**BRIEF**
A word-for-word copy of the data is what's wanted; pictures stay out of it.

**STORED DATA**

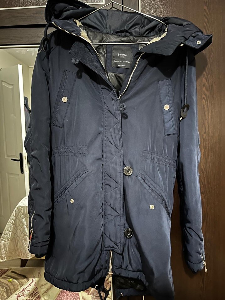 Düğmeli, lacivert renkli, notlu yaka ve uzun kollu, sentetik kumaştan yapılmış, günlük kullanıma uygun, midi uzunlukta ve dar kesim kadın ceket.
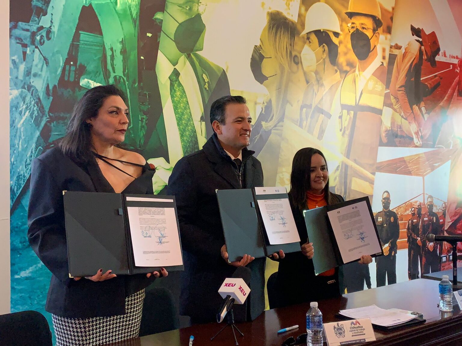 El alcalde de Chihuahua, Marco Bonilla, y la presidenta del Instituto Estatal Electoral (IEE), Yanko Durán, encabezaron una firma de convenio para trabajar en conjunto y tener acompañamiento del instituto, durante el proceso de la consulta ciudadana del Presupuesto Participativo 2024, que será este sábado 25 y domingo 26 de noviembre, de 9 de la mañana a 7 de la tarde.
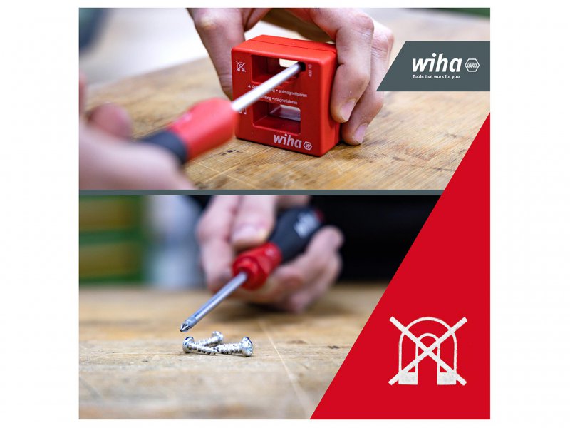 The Wiha Magnetiser/Demagnetiser for magnetising and demagnetising blades and blade-like tools made of steel. The tool's strong permanent magnet has an extremely long service life and is also suitable for magnetising tweezers and other steel tools.
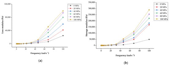 In this study, G′ and G″ significantly increased (p < 0.05) in the range of 0~60 MPa, indicating that the elasticity and viscosity of LLBs were significantly improved through homogenisation within this homogenisation pressure range. However, with a further increase in pressure, the increases in G′ and G″ were insignificant (p > 0.05) within 60~100 MPa, indicating that the continued increase in pressure had less effect on the viscoelasticity of LLBs. The increase in G′ and G″ might be due to starch gelatinisation and protein denaturation in the beverage system caused by homogenisation pressure [43]. It has been previously reported that differences in flow characteristics might be due to the solubilisation of large particles such as starch and pectin in the system or the changes in beverage particle morphology and the interactions among the particles affected by homogenisation [48]. Tan et al. explained that the differences in the viscoelasticity of tomato juice caused by different homogenisation treatments resulted from the decomposition of the system-suspended particles during processing [49]. Therefore, our results showed that homogenisation had an ameliorating effect on the viscoelasticity of LLBs and was most effective at 60 MPa, which meant that the deformation resistance of the beverage was related to different pressures. Hu et al. showed that the G′ and G″ values of mango juice increased with the gradual increase in the range of test frequencies (0.1–10 rad·s−1); the G′ was always greater than G″ among all samples, and mango juice had a weak gelling property [50]. Bi et al. showed that an increase in homogenisation pressure significantly enhanced the viscoelasticity of soybean-isolated protein emulsion gels and that a certain pressure (less than 60 MPa) contributed to the formation of a more stable three-dimensional network structure of soybean-isolated protein emulsion gels [51]. However, when the homogenisation pressure was too high (up to 80 MPa), the stability of the emulsion structure was affected. Luo et al. found that the homogenised quinoa protein samples had weak gel properties and that G′ and G also increased gradually with increasing pressure (0~50 MPa) [16].

**WORKED SOLUTION**
 Düğmeli, lacivert renkli, notlu yaka ve uzun kollu, sentetik kumaştan yapılmış, günlük kullanıma uygun, midi uzunlukta ve dar kesim kadın ceket.
 El alcalde de Chihuahua, Marco Bonilla, y la presidenta del Instituto Estatal Electoral (IEE), Yanko Durán, encabezaron una firma de convenio para trabajar en conjunto y tener acompañamiento del instituto, durante el proceso de la consulta ciudadana del Presupuesto Participativo 2024, que será este sábado 25 y domingo 26 de noviembre, de 9 de la mañana a 7 de la tarde.
 The Wiha Magnetiser/Demagnetiser for magnetising and demagnetising blades and blade-like tools made of steel. The tool's strong permanent magnet has an extremely long service life and is also suitable for magnetising tweezers and other steel tools.
 In this study, G′ and G″ significantly increased (p < 0.05) in the range of 0~60 MPa, indicating that the elasticity and viscosity of LLBs were significantly improved through homogenisation within this homogenisation pressure range. However, with a further increase in pressure, the increases in G′ and G″ were insignificant (p > 0.05) within 60~100 MPa, indicating that the continued increase in pressure had less effect on the viscoelasticity of LLBs. The increase in G′ and G″ might be due to starch gelatinisation and protein denaturation in the beverage system caused by homogenisation pressure [43]. It has been previously reported that differences in flow characteristics might be due to the solubilisation of large particles such as starch and pectin in the system or the changes in beverage particle morphology and the interactions among the particles affected by homogenisation [48]. Tan et al. explained that the differences in the viscoelasticity of tomato juice caused by different homogenisation treatments resulted from the decomposition of the system-suspended particles during processing [49]. Therefore, our results showed that homogenisation had an ameliorating effect on the viscoelasticity of LLBs and was most effective at 60 MPa, which meant that the deformation resistance of the beverage was related to different pressures. Hu et al. showed that the G′ and G″ values of mango juice increased with the gradual increase in the range of test frequencies (0.1–10 rad·s−1); the G′ was always greater than G″ among all samples, and mango juice had a weak gelling property [50]. Bi et al. showed that an increase in homogenisation pressure significantly enhanced the viscoelasticity of soybean-isolated protein emulsion gels and that a certain pressure (less than 60 MPa) contributed to the formation of a more stable three-dimensional network structure of soybean-isolated protein emulsion gels [51]. However, when the homogenisation pressure was too high (up to 80 MPa), the stability of the emulsion structure was affected. Luo et al. found that the homogenised quinoa protein samples had weak gel properties and that G′ and G also increased gradually with increasing pressure (0~50 MPa) [16].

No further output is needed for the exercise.